Tom Smith

Personal information
- Full name: Thomas Smith
- Date of birth: 1877
- Place of birth: Ashton-in-Makerfield, England
- Date of death: Unknown
- Height: 5 ft 9 in (1.75 m)
- Position: Outside right

Youth career
- 1893–1895: Ashton Athletic

Senior career*
- Years: Team / Apps / (Gls)
- 1895–1897: Ashton Town
- 1897–1898: Preston North End / 4 / (0)
- 1898–1899: Southampton / 14 / (1)
- 1899–1900: Queens Park Rangers / 21 / (4)
- 1900–1901: Preston North End / 2 / (0)

= Tom Smith (footballer, born 1877) =

English footballer (1877–??)

Thomas Smith (born 1877) was a professional English footballer who played at outside-right for various clubs around the turn of the 20th century.

==Football career==
Smith was born in Ashton-in-Makerfield, Lancashire and played his early football for Ashton Athletic and Ashton Town in their pre-league era.

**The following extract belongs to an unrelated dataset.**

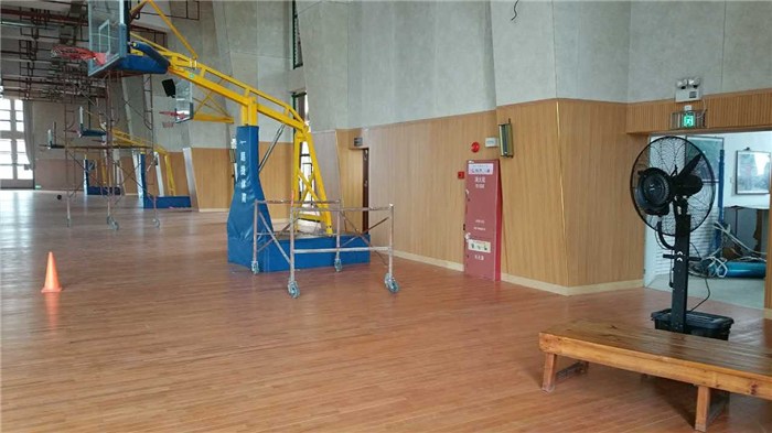 2、將籃球地板上麵的運動器械等使用推車移走。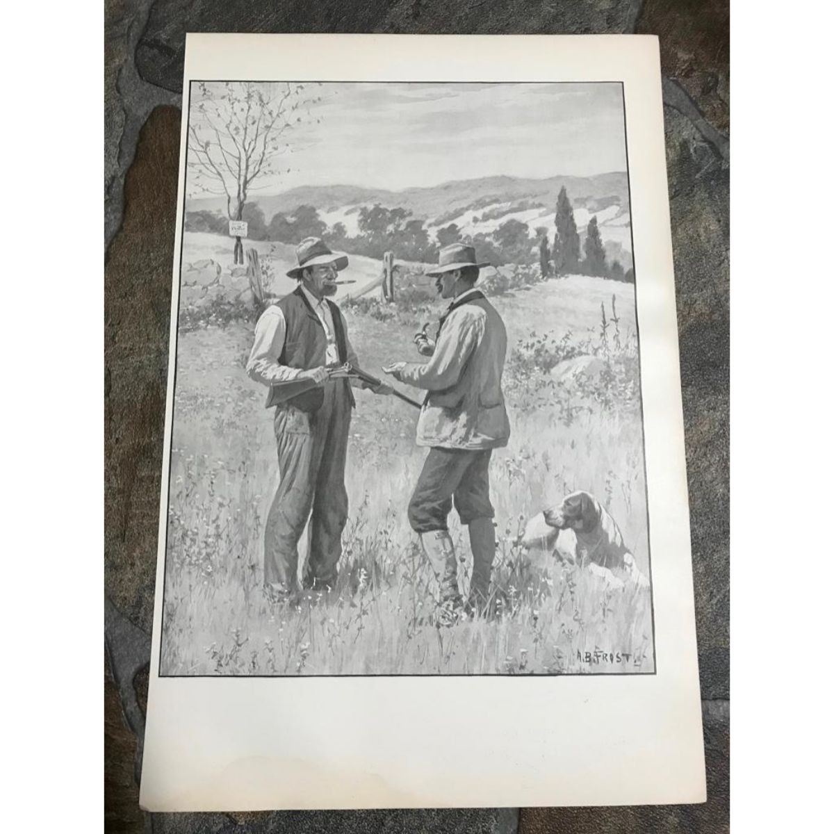 c.1904 half-tone Print, A. B. Frost, "Going 'Round The Old Man", hunting scene. 10" X 15".

In May 1897, he joined Preston North End where another player of the same name was already playing, also as an outside-forward. Smith made four appearances in the Football League First Division, plus one in the FA Cup, before Preston made both players available at the end of the season. The directors of Southampton agreed to sign him, apparently under the misapprehension that they were signing the other player, who had established a reputation for being a "star". (The other Tom Smith went on to have a long career with Tottenham Hotspur, including scoring the second goal as the "Spurs" defeated Sheffield United to win the 1901 FA Cup Final.)

At the "Saints", Smith won the 100 yard sprint in the club's annual sports day, encouraging the directors to believe that they had signed the right player. The "Saints" were about to embark on their first season in their new stadium and Smith made his debut for Southampton in the opening match at The Dell, against Brighton United on 3 September 1898. Smith scored the final goal in a 4–1 victory - the goal was described as "just such a goal as there is no doubt about – a shot which beats the goalkeeper almost before it is made".

Despite this auspicious start, Smith's subsequent indifferent form led the directors to realise that they had acquired the services of the wrong player, and by February Smith had lost his place, initially to Tom Nicol and then to Jimmy Yates. Smith left the Saints in the summer of 1899, to join Queens Park Rangers for their first season in the Southern League.

He returned to Preston in 1900 and spent one further season in the Football League, making two more appearances.